By Purchasing Staff -- Purchasing, 7/16/2009 2:00:00 AM
Reyes holdings, a large food and beverage distributor, wanted a custom plastic pallet to be used for in-store delivery of food items for its largest customer, a well-known global quick-service restaurant chain. The objectives were to improve driver productivity for the distributor and allow the customer to re-deploy its personnel from the back of the store to the front, where the patrons were.
Problem: Though pilot tests were successful, there was no guarantee that the pallet would work in a large implementation, so Reyes Holdings could not estimate volumes. But, without volume guarantees, no manufacturer was willing to build the pallet. The customer didn't want the pallet to be available to companies outside its distribution system, yet Reyes Holdings wanted to spread the costs over other potential buyers. Finally, the raw material for the pallet fluctuated in cost weekly. Mike Ozmeral, vice president for strategic sourcing at Reyes Holdings, had to negotiate a solution.
Solution: Critical to the solution was that each party agreed to share the risks. The customer, particularly, saw the pallet as a competitive advantage and Reyes Holdings convinced them they should share in the cost. Reyes Holdings agreed to buy exclusively from the manufacturer for three years, or 150,000 units, whichever came first. There was a benchmarking clause to ensure competitive pricing. The manufacturer agreed to pay all engineering costs associated with the mold and part design, as well as mold maintenance.
Here are the specifics:
- The distributor, Reyes Holdings, commissioned its preferred manufacturer to design a mold and production system for the delivery pallet.
- In the agreement, Reyes Holdings agreed to buy and own all rights to the mold after it had been produced by the manufacturer and successfully tested. This cost was shared between Reyes Holdings and the end customer.

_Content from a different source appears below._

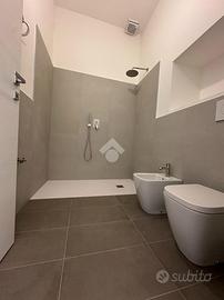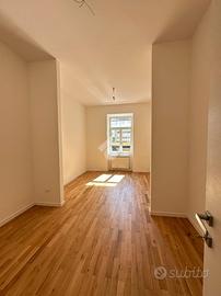 La zona living è molto spaziosa e può quindi esser arredata con qualsiasi tipologia di mobilio. Sono presenti inoltre gli allacciamenti per predisporre la zona cottura con piano a induzione. Nelle immediate vicinanze si accede al disimpegno che conduce al bagno completo. Proseguendo lungo il corridoio si accede poi alla camera matrimoniale con due nicchie ideali per realizzare due pratici armadi su misura. Questo ambiente come la zona giorno sono rivolti su due corti alberate.

- Reyes Holdings made a volume commitment to the manufacturer that was significant enough to cover the majority of setup costs, but would be a small percentage of the overall potential volume.
- Also, Reyes Holdings and the customer agreed that the manufacturer could sell additional units to other non-competing customers of the manufacturer, but only upon their prior written approval and only upon providing a % rebate to Reyes Holdings for any such sales.
- The material cost of the pallets was allowed to rise and fall in proportion to a ChemData Resin index, but production costs and overhead was fixed for the duration of the two-year contract.
- The manufacturer provided a 5-year scaled warranty for the pallets (100% of purchase price for 1st year, 80% in 2nd year etc.). The manufacturer also agreed to buy back any used pallets outside of the warranty claims, based on a formula for the then-current cost per lb of used HDPE.